What is being asked: Beginning with the line that contains "Tropical Pineapple Layer" and ending with the line that contains "EUC - Johnny", reproduce the lines of the entries below exactly, omitting pictures.

Supplied material:
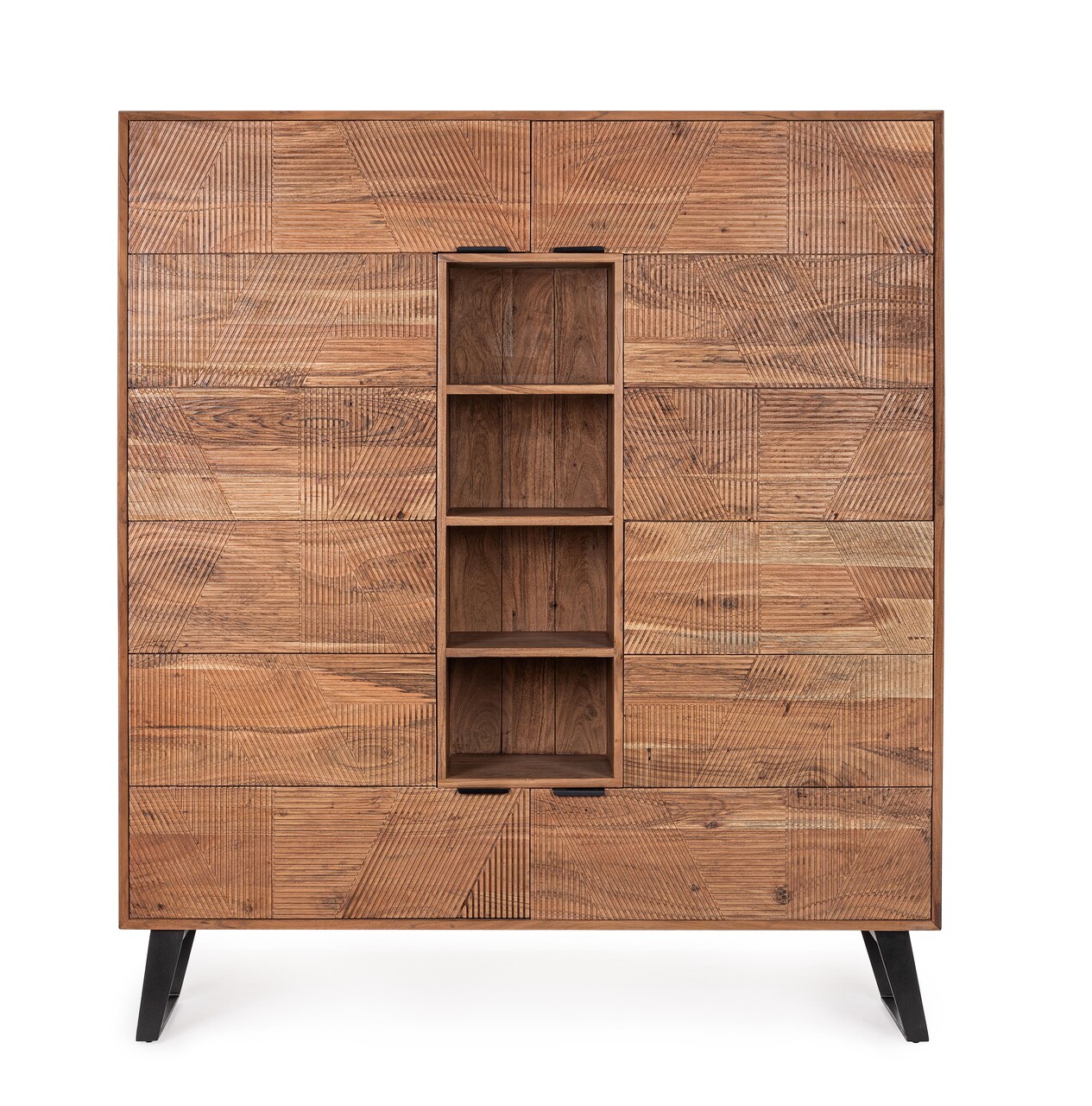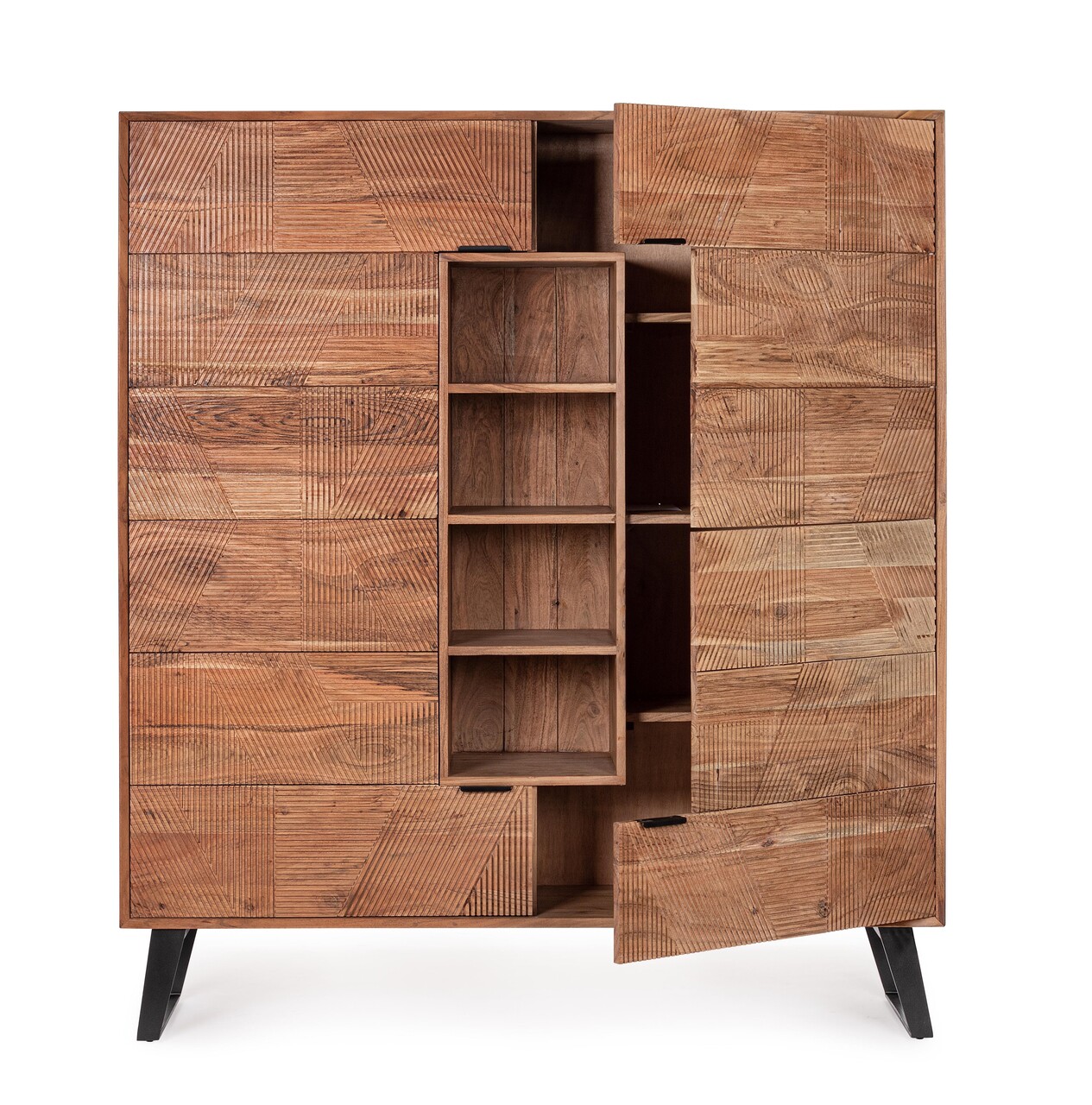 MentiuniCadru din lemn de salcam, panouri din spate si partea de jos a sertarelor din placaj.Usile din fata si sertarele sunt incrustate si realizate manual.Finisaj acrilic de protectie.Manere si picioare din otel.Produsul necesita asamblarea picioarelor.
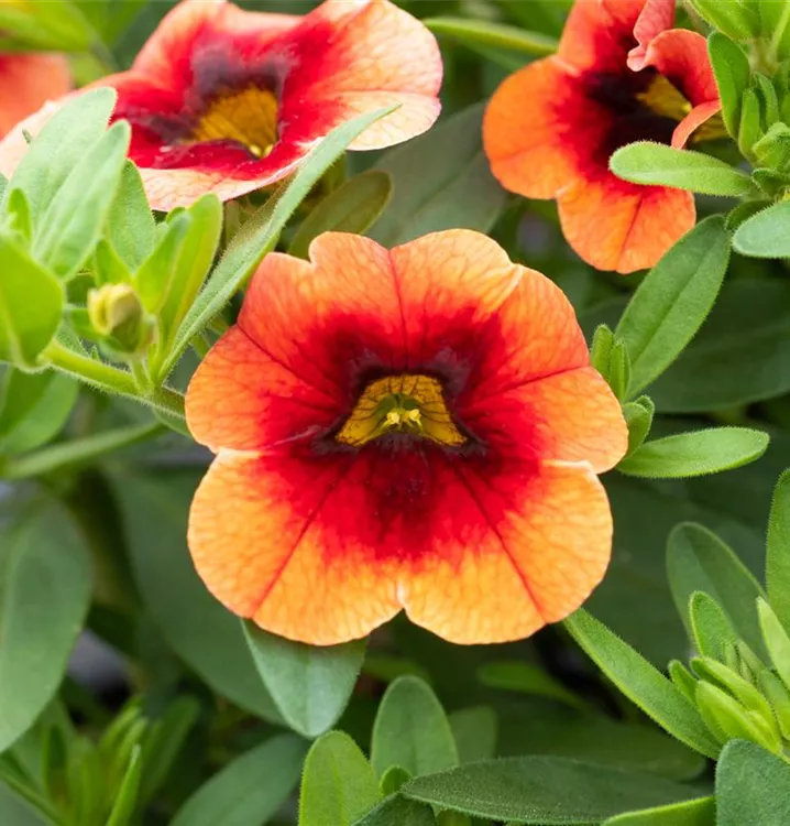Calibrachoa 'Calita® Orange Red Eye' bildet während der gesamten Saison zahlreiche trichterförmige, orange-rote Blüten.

* * *

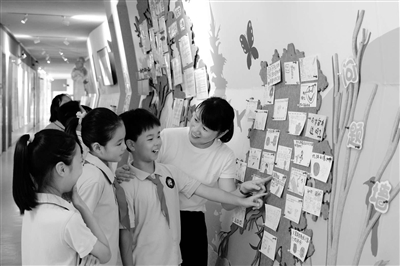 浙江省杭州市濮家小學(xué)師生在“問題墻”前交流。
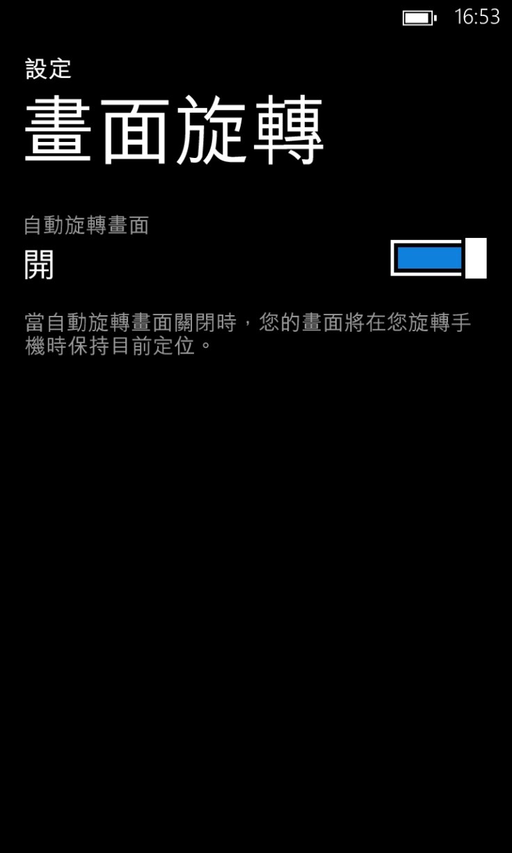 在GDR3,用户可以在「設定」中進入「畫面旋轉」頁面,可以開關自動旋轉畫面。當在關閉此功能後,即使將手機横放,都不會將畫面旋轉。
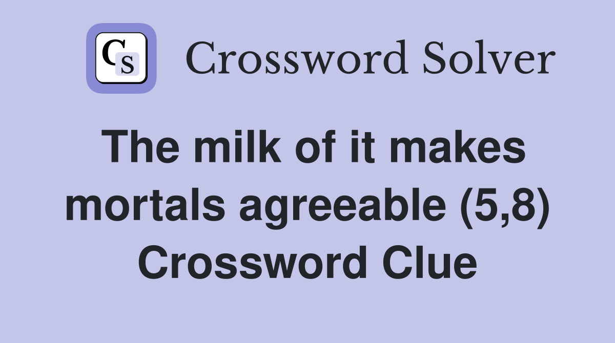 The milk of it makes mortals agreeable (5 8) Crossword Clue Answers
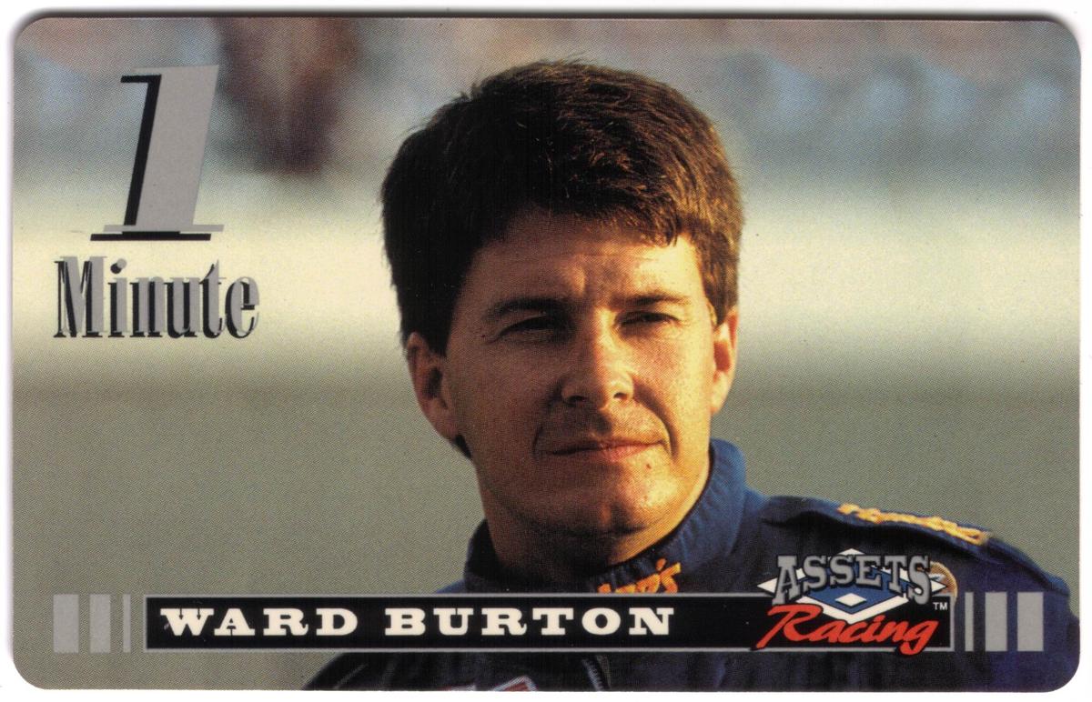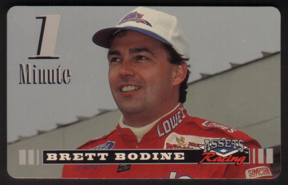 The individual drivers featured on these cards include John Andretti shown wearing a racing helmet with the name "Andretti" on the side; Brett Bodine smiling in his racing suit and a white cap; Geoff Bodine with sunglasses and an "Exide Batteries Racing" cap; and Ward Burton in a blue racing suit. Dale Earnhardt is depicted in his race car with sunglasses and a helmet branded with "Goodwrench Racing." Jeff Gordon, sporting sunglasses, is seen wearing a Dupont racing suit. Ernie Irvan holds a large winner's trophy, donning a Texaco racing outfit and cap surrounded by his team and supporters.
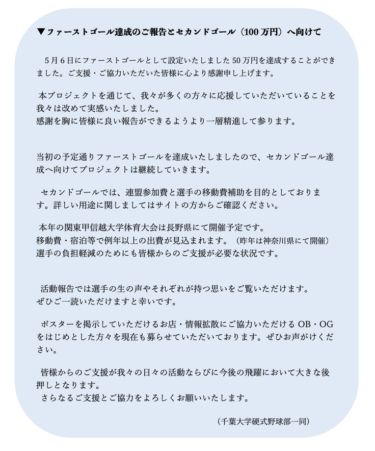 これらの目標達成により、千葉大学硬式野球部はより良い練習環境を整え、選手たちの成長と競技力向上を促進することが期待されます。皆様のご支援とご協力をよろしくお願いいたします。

...

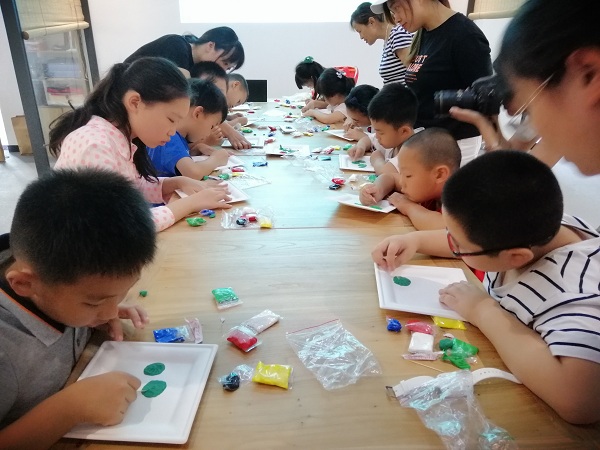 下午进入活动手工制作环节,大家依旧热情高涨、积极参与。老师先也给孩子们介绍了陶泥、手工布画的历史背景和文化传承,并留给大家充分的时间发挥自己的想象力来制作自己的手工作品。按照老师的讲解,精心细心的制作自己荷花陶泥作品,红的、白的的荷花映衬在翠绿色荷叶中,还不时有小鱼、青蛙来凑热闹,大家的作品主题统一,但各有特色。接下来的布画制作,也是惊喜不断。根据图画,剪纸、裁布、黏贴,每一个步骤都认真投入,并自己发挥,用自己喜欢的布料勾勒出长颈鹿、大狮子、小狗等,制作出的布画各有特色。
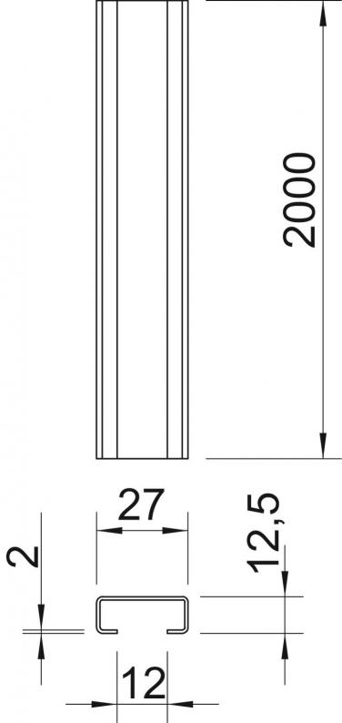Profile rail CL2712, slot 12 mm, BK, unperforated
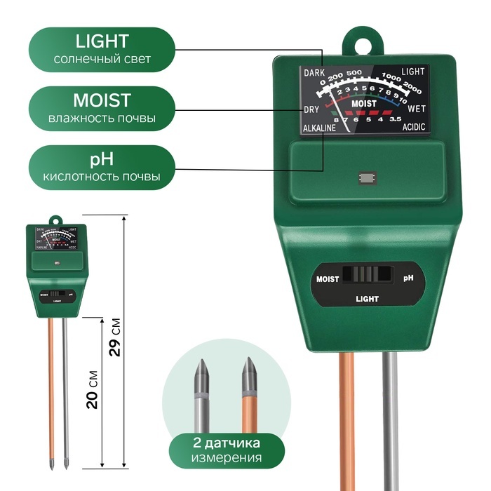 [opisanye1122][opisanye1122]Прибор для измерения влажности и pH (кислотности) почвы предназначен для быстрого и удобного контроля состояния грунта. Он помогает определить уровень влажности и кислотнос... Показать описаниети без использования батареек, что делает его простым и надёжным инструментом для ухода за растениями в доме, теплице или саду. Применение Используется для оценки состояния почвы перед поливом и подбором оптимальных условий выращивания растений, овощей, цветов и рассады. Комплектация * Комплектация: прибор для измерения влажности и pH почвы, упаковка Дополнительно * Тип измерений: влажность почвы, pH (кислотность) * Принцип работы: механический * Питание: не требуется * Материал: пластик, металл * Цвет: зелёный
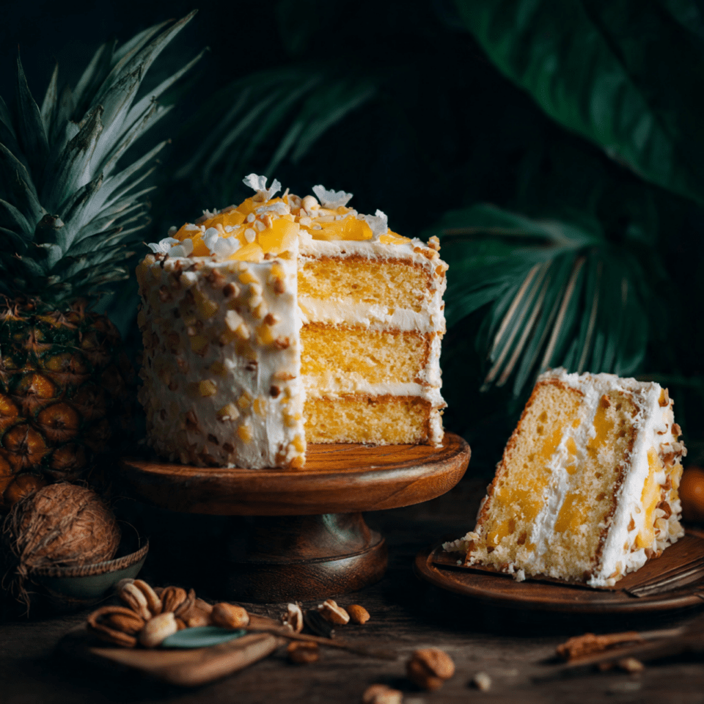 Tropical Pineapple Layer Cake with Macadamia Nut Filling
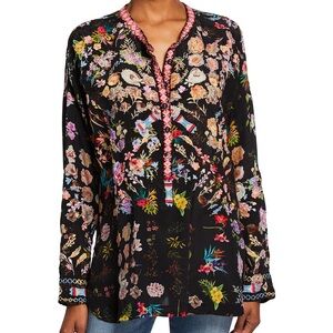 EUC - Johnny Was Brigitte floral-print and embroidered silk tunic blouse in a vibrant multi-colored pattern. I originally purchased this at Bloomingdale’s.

Response box:
 Tropical Pineapple Layer Cake with Macadamia Nut Filling
 EUC - Johnny Was Brigitte floral-print and embroidered silk tunic blouse in a vibrant multi-colored pattern. I originally purchased this at Bloomingdale’s.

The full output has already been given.